Mohamed Taj-Eddine El Houssaini, Professor of International Relations, University of Mohamed V, Rabat, said that in order to settle the question of Jerusalem, it was important, not to go backwards on what had been achieved, but to move forward instead, aware of the challenges.  How could the international community face down Israel’s intransigent position?  There were two scenarios, hope and despair.  Hope lay in international legitimacy, international law and the possibility of internationalizing the question of Jerusalem, he said, adding that continuing the status quo would lead to despair.  The hope scenario required reversion to the pre-1967 borders.  Noting that Israel had attempted during all the negotiations to postpone the question of Jerusalem until “the bitter end” since it opposed any division of the city, he said that changes in the position of the United States must also be noted, pointing out in that regard that its Congress had voted to transfer its embassy to Jerusalem.

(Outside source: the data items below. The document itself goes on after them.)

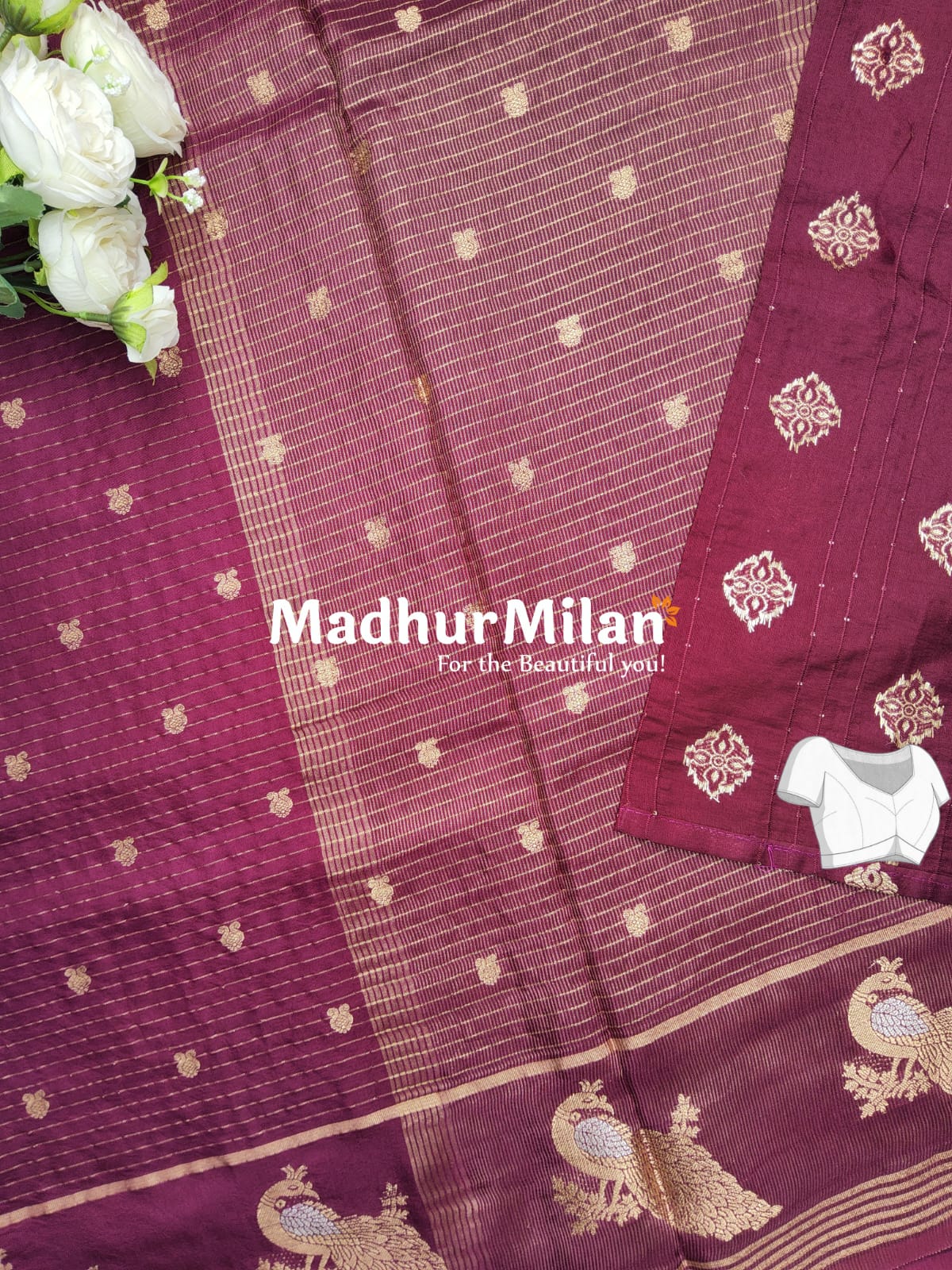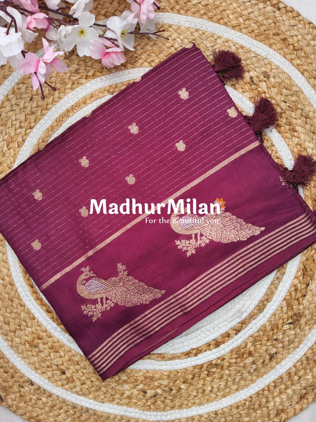 Make a statement at your next event with this exquisite PEACOCK BORDER BANARASI SAREE WINE. Let Madhur Milan bring out the beautiful you!
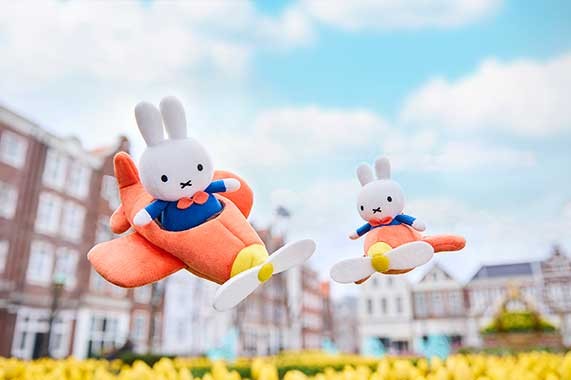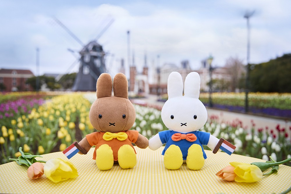 ハウステンボスらしいお花を持ったミッフィーが、ぬいぐるみカチューシャで登場。
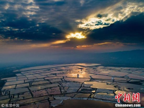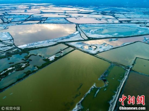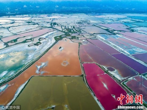 入秋以来,随着气温的改变,山西省运城盐湖泛起出色彩斑斓、美不胜收的秋天特有的七彩景致,非常迷人。
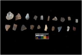 | Description / विवरण | There are n 20 flakes tool; there are multidirectional irregular scar pattern on them; made of short flakes and all four have tapering edges |
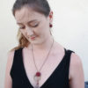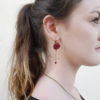 Boucles d’oreilles en cuir délicates et féminines, sculptées à la main en forme de rose, ornées d’une perle en pierre fine au bout d’une chaine en laiton. Elles sont montées sur une dormeuse en laiton.
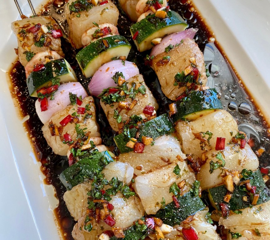 Vår, pluss sommer og sol betyr uteliv og grilling. Denne gang brukt på grillspyd med kveite.. kan brukes til all hvit, fast fisk.. også til hele fiskestykker på grillen, eller i en stekepanne. Marinaden kan lages i god tid på forhånd.. has over fisken 15 minutter før grilling. Her servert med ris, mango/vårløk/sweetchili dressing, som fikk noen dråper limesaft på toppen.. sausen heter sauce nage, … Fortsett å lese Marinade til grillet fisk.
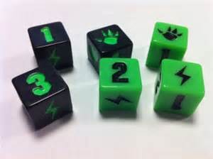 You’re goal in the game is to kill all the monsters or get 20 victory points. Everyone starts with 10 health and 0 victory points. On your turn, you will roll 6 dice, Yatzee style, to determine what your monster can do. Claw marks attack other monsters, hearts heal your monster, lightning bolts gain you energy and numbers will get you points.
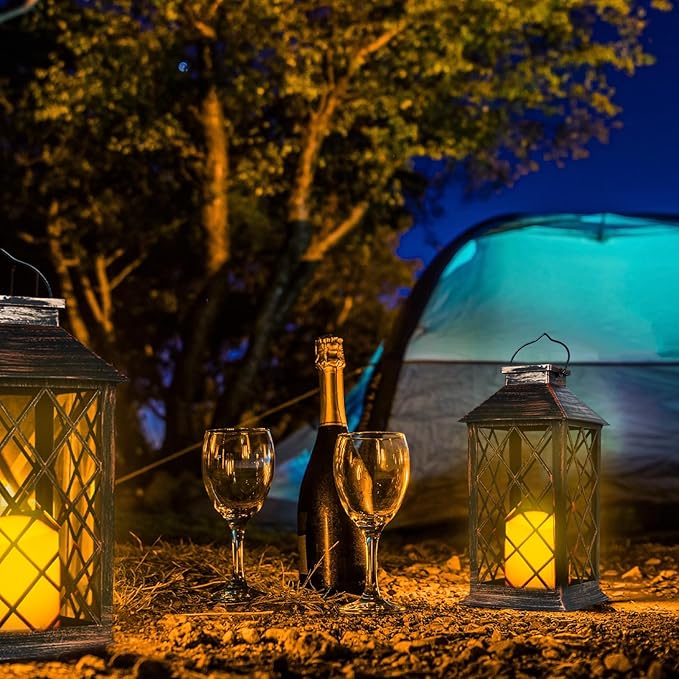 - 【Brighten Your Garden】The solar outdoor lanterns, with retro appearance, warm white LED flickering flameless Candles and hollow out metal veneer, making it casts bright and warm light in darkness, creating a warm and pleasant atmosphere. This solar hanging lanterns is an ideal decorative light for daily use as well as special occasions like Halloween, Christmas and Easter Holidays.
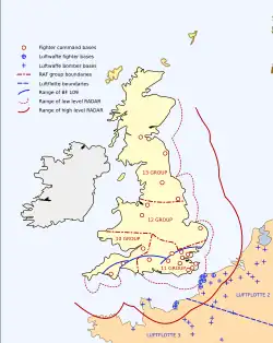 Both France and the UK declared war on Germany; on 9 October, Hitler's "Directive No. 6" planned the offensive to defeat these allies and "win as much territory as possible in the Netherlands, Belgium, and northern France to serve as a base for the successful prosecution of the air and sea war against England".[42] On 29 November, OKW "Directive No. 9 – Instructions For Warfare Against The Economy Of The Enemy" stated that once this coastline had been secured, the Luftwaffe together with the Kriegsmarine (German Navy) was to blockade UK ports with sea mines. They were to attack shipping and warships and make air attacks on shore installations and industrial production. This directive remained in force in the first phase of the Battle of Britain.[43][44] It was reinforced on 24 May during the Battle of France by "Directive No. 13", which authorised the Luftwaffe "to attack the English homeland in the fullest manner, as soon as sufficient forces are available. This attack will be opened by an annihilating reprisal for English attacks on the Ruhr Basin."[45]
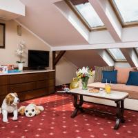Окруженный пышным зеленым садом 5-звездочный отель Crown Piast & Park расположен в пределах 10 минут езды от центра Кракова.

Israel was the party benefitting from the corresponding delays, he said, citing the physical expulsion of Palestinian citizens, the confiscation of their identity, and their replacement with Jewish settlers.  There was need for a common body with a mandate to examine how United Nations resolutions could be implemented.  In January, more than 30 resolutions, some of which were immensely important, had been passed in Morocco, and financial support and political will would be were needed to put them into effect.  He emphasized the importance of Palestinian reconciliation, saying that continuing division would be “disastrous for the question of Jerusalem or the conflict in general”.

Mohammad Halaiqah, Vice-President of the Parliamentary Assembly of the Mediterranean, Malta, declared:  “We are failing in our duty.”  Unfortunately, there was terrible silence from Arab and Muslim countries, with the obvious exceptions of countries like Turkey.  Jerusalem was a fundamental question, and for decades, the international community had engaged in various attempts to find ways to make it a city of peace for all.  Resolving the question of Jerusalem was “instrumental to the entire peace process”, he said, adding that the main question was that of sovereignty.  Any violent event in Jerusalem “has the potential to spill beyond the boundaries of Israel and Palestine”.  Jerusalem’s future should not be unilaterally decided by a party or an organization.

Güven Sak, Managing Director of the Economic Policy Research Foundation of Turkey, Ankara, said ways must be found to support Palestinian entrepreneurship in Jerusalem.  While awaiting a political settlement, there was a need to take into account the many Palestinians who lived in East Jerusalem and whose lives were deteriorating.  There had been about 900,000  Jerusalem residents in 2013, of whom 39 per cent had been Palestinians.  East Jerusalemites were much poorer than West Jerusalemites, he said, adding that in order to fight poverty, good companies and good entrepreneurs were needed.  If it was not possible to remove constraints, then mechanisms must be found to offset them, he said.  Supporting high growth looked to be the most important policy for institutional change in any place, he said.  It was also important to focus on the creation of good jobs in East Jerusalem, and to focus on private sector-based economic activity.

Participants in the ensuing discussion included the Coordinator of Assistance to the Palestinian People at the United Nations Conference on Trade and Development (UNCTAD), and the representative of the State of Palestine in Ankara.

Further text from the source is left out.